For the exam I'm trying to solve some problems. Today I found this exercise and need some help:
For the group S0(1,1) of the Lorentz transformation I have $\phi \in \mathbb{R}$ and $A_{\phi}: \mathbb{R}^2 \rightarrow \mathbb{R}^2$
$$A_{\phi} = \begin{pmatrix} \cosh(\phi) & \sinh(\phi) \\ \sinh(\phi) & \cosh(\phi) \end{pmatrix} $$
Now there is a symetric bilinear form $$\langle \langle u_1, u_2 \rangle \rangle:= t_1t_2 - x_1x_2$$
with $u = \begin{pmatrix}t\\x\end{pmatrix}$ $\in \mathbb{R}^2$
Now I wanted to know if $\langle \langle u_1, u_2 \rangle \rangle$ is a dot product on the $\mathbb{R}^2$. So I did some calculations with the axioms for dot products but it does not work. How can I do it?
Furthermore I tried to show that $$\langle \langle A_{\phi}u_1, A_{\phi}u_2 \rangle \rangle = \langle \langle u_1, u_2 \rangle \rangle.$$ I tried to show it by calculation.
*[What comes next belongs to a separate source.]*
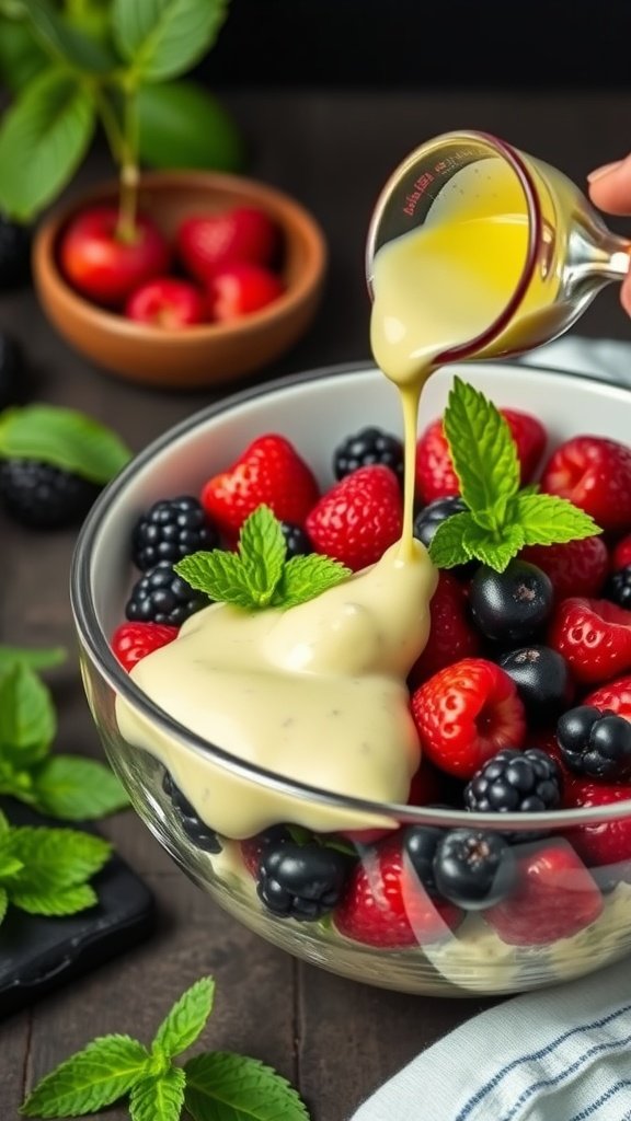 In the image, you see a beautiful bowl filled with strawberries, blueberries, and blackberries, all topped with a creamy mint dressing. The mint leaves add a touch of green, making it visually appealing. Drizzling that dressing over the berries creates a delightful contrast, inviting everyone to dig in.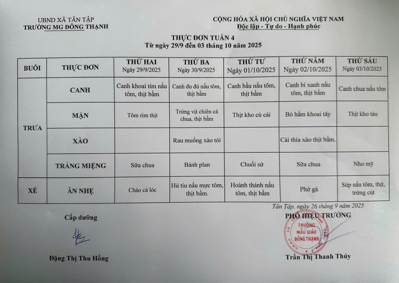 • Thực đơn tuần 4 của trẻ .

But it also does not work. Do I need for this exercise some mathematical tricks?
I hope some of you can help me.
Thank you!
It's not a dot product since it's not positive definite, e.g. $(1,1)$ has pseudo-norm $0$. (If I'm understanding you correctly.)
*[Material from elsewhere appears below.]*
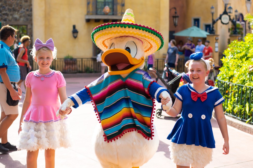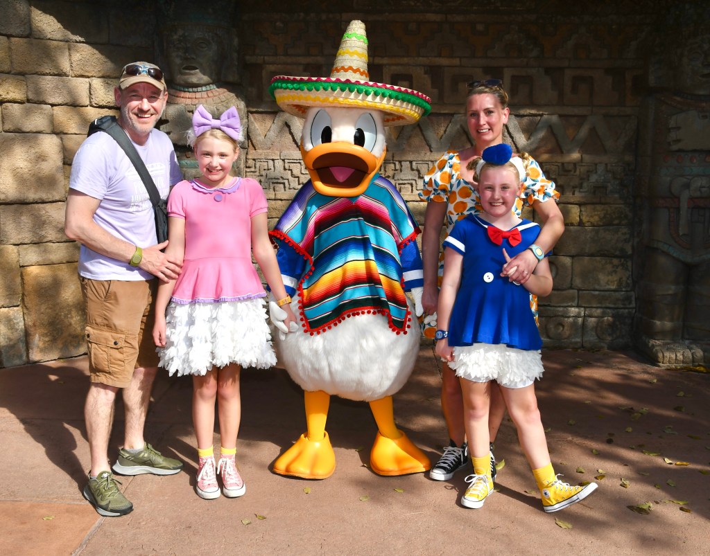 After an hour chilling by the pool we set off for Epcot. We always seem to choose the hottest days there, and it was no exception today, but the girls were determined to do the Easter Egg hunt so after riding Spaceship Earth which had no queue at all, we bought two maps and set off, making sure to stop at the booths for food and drinks to stay cool. The first stop was Mexico where Donald was still meeting, so we got in the queue which for once was in the shade, and moved quickly. Donald was so much fun. He tried to take the girls away with him, then asked me to go too! Fortunately (or unfortunately) for Steve, his handlers told him he couldn’t steal children or adults!

To see that $\langle\langle A_{\phi}u_1,A_{\phi}u_2\rangle\rangle = \langle\langle u_1,u_2\rangle\rangle$, note that if $u_1 = (w,x)$ and $u_2 = (y,z)$, then
\begin{eqnarray} \langle\langle A_{\phi}u_1,A_{\phi}u_2\rangle\rangle &=& \left\langle\left\langle \left(\begin{array}{r}w\cosh(\phi)+x\sinh(\phi) \\ w\sinh(\phi) + x\cosh(\phi)\end{array}\right),\left(\begin{array}{r}y\cosh(\phi)+z\sinh(\phi) \\ y\sinh(\phi) + z\cosh(\phi)\end{array}\right)\right\rangle\right\rangle \\ &=& (w\cosh(\phi)+x\sinh(\phi))(y\cosh(\phi)+z\sinh(\phi)) \\ &-& (w\sinh(\phi)+x\cosh(\phi))(y\sinh(\phi)+z\cosh(\phi)) \\ &=& \color{purple}{wy\cosh^2(\phi)} \color{darkblue}{+wz\sinh(\phi)\cosh(\phi)} \color{green}{+xy\sinh(\phi)\cosh(\phi)} \color{darkred}{+xz\sinh^2(\phi)} \\ &\color{purple}{-}& \color{purple}{wy\sinh^2(\phi)}\, \color{darkblue}{-wz\sinh(\phi)\cosh(\phi)} \color{green}{-xy\sinh(\phi)\cosh(\phi)} \color{darkred}{-xz\cosh^2(\phi)} \\ &=& wy(\cosh^2(\phi)-\sinh^2(\phi)) - xz(\cosh^2(\phi)-\sinh^2(\phi)) \end{eqnarray}
From here, make use of some very convenient hyperbolic trig identities and you will have your result.